Outside of work… damn. I started this section and looked through my camera roll to see the highlights. There hasn’t been much outside of work this year. I guess that’s what I neglected in 2024 and will improve on in 2025. But I did start seeing a nutritionist, got a trainer, went to counseling (and graduated?) and have consistently been under 200 pounds since March - a first for me in a decade. So outside of work, I’ve taken care of myself.
And then in my circle... I’ve loved seeing my friends flourish in their own way. New jobs, new cities, business growth, career changes, starting therapy and more. Four of my friends became fathers this year. It’s inspiring to see my friends flourish. It’s so easy to stay in a place of comfort - it takes courage to make drastic changes to improve your life.
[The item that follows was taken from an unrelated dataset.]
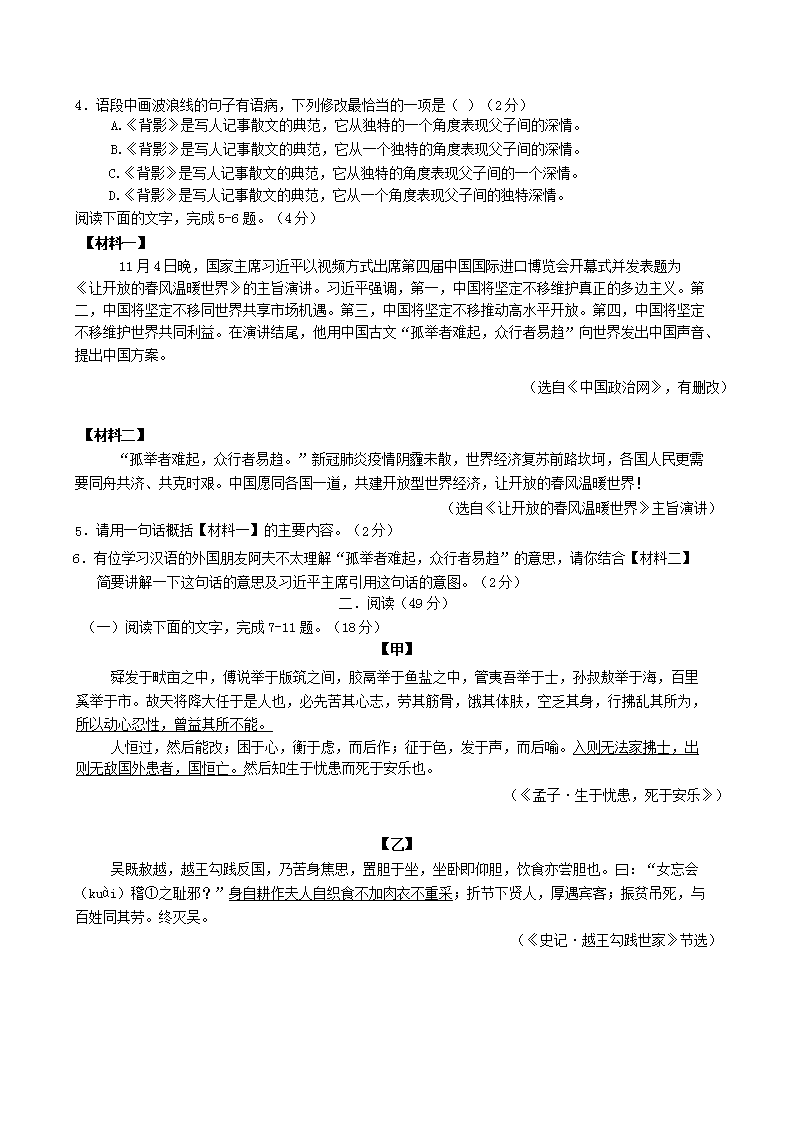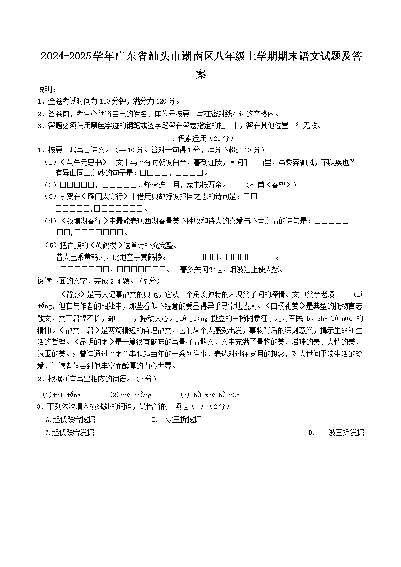 時間:2025-02-25 16:52:00 來源:無憂考網(wǎng) [字體:小 中 大]【文檔名稱】 2024-2025學(xué)年廣東省汕頭市潮南區(qū)八年級上學(xué)期期末語文試題及答案(Word版).doc

On the morning of my 34th birthday (April 21st, add it to your calendars), my father called me and gave me some much needed perspective that I didn’t realize I needed. He said it occurred to him that morning that our family immigrated to America when he was 34 years old. That he, my mom and brother moved to a new country without knowing the language and earning something like ~$3/hr just for a fresh start. He reminded me that I’m already so far ahead of where he was at 34 and that life is just starting for me. “Don’t ever feel like you haven’t accomplished enough.” My father is the man I look up to the most so those words really resonated with me. It was the fuel that lit my fire this year. It’s never too late to start over. Your limitations are self-imposed and you can achieve anything you want in this life.
Every day you’ve seen me the past few months, I’ve been at the highest point of my life. Every day has been better than the last. That’s the energy I’m carrying into 2025.